One of the hardest things about telling any story is sticking the landing.

A bad ending is not only bad in and of itself, it’s like a cancer that reaches back in time and kills everything that went before it. I can’t enjoy Sherlock anymore. All the clever writing and great performances and wonderful little tricksy puzzles turn to ash when you remember that it’s all leading up to Sherlock defeating his previously unknown little sister with superpowers.

The violin of Eurus Holmes (Sian Brooke) in Sherlock S04E03 | Spotern

I’d say “spoilers”, but shit doesn’t spoil.

If I had had to write the script for Endgame I’d probably have gone mad with the pressure. I remember marvelling (heh) at Joss Whedon’s script for Avengers back in 2012 and how it managed to juggle seven (SEVEN!) main characters and serve as a satisfying conclusion to five (FIVE!) films.
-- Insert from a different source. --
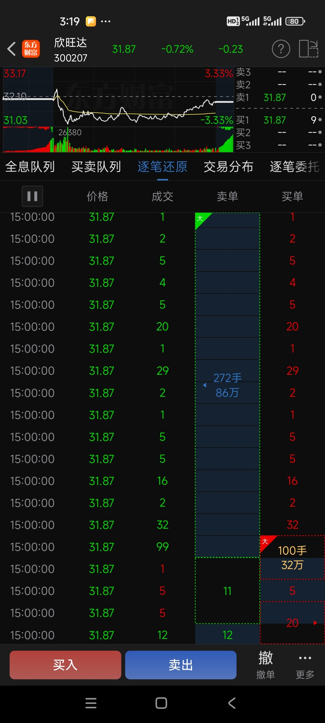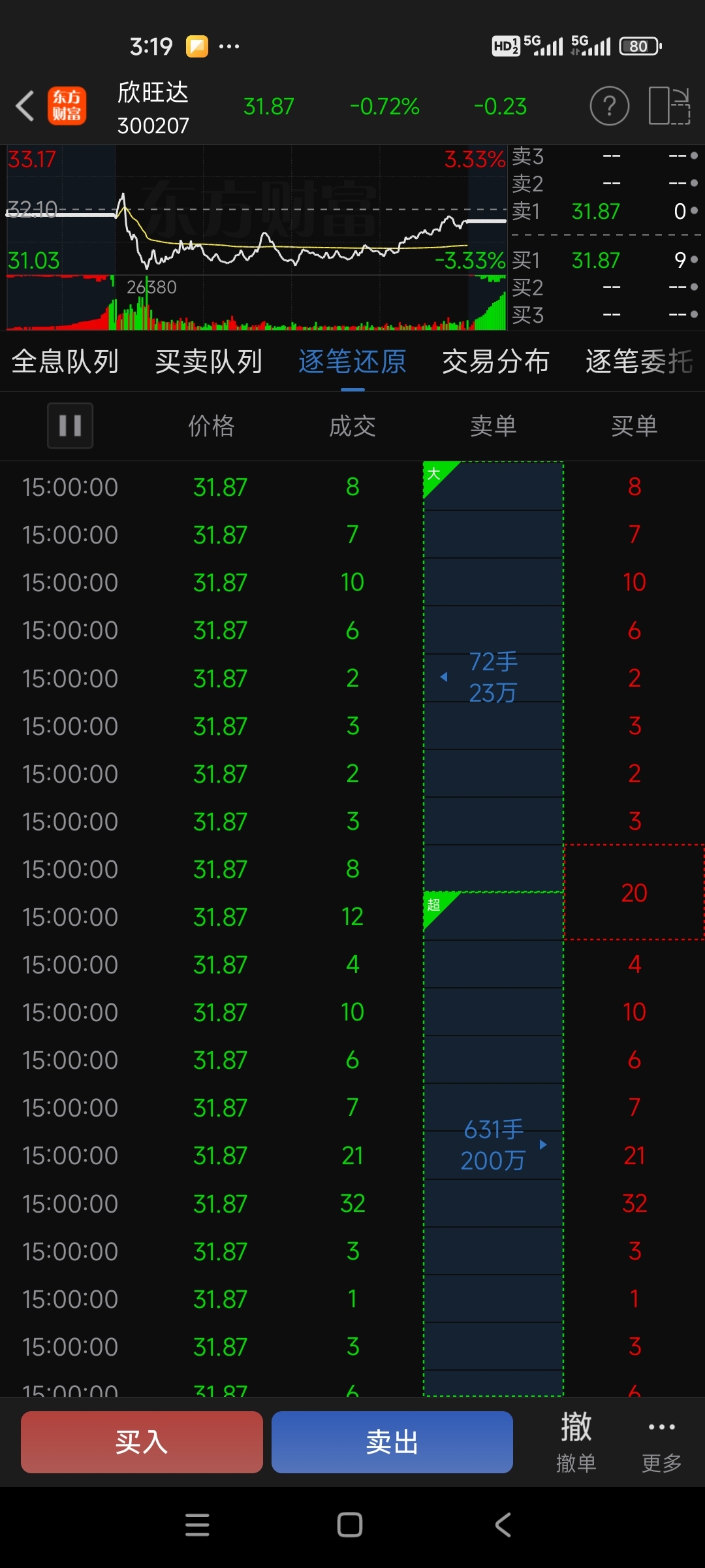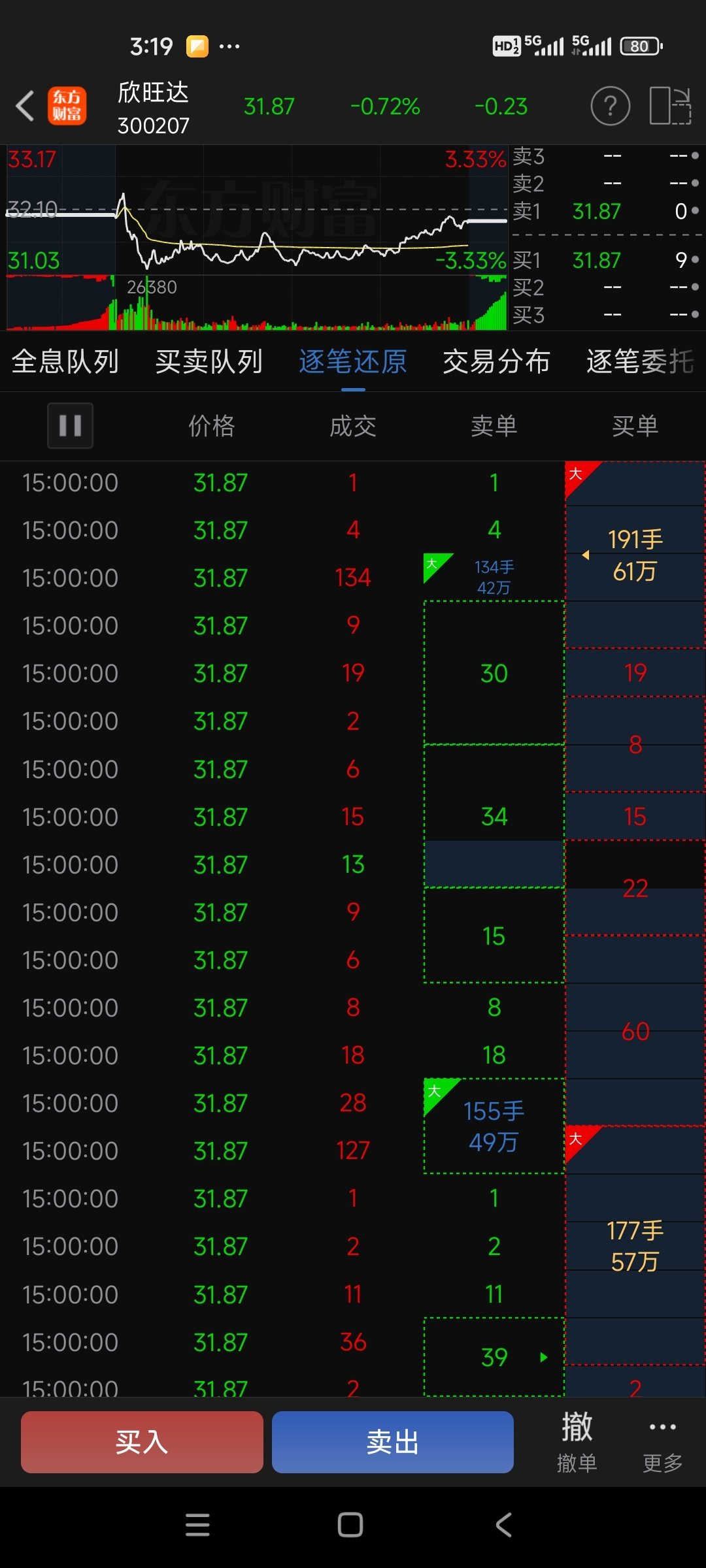 $欣旺达(SZ300207)$ 今天下午诱多卖出,一边小单子拉升大单子砸卖出,表面股价拉升上去其实主力一直卖出,明天不会给买入解套

My, how young we were. So imagine the weight of expectation resting on the shoulders of Christopher Markus, Stephen McFeely and the Russo Brothers, having to juggle a story with dozens upon dozens of named characters AND has to serve as a capstone to a 22 film cycle. I mean, Christ. I’ve only had to review these things and it feels like I’ve climbed Everest.

Did they pull it off? You probably have your own opinions on that but, well…this thing made 2.8 billion dollars at the box-office so somebody liked it.

So, because this thing is over three hours long, this review is going to be a two-parter. Also, I’m not going to do a big introduction explaining the history of these characters and the background to this movie because, well…

“What do you think I’ve been DOING for the last five years?!”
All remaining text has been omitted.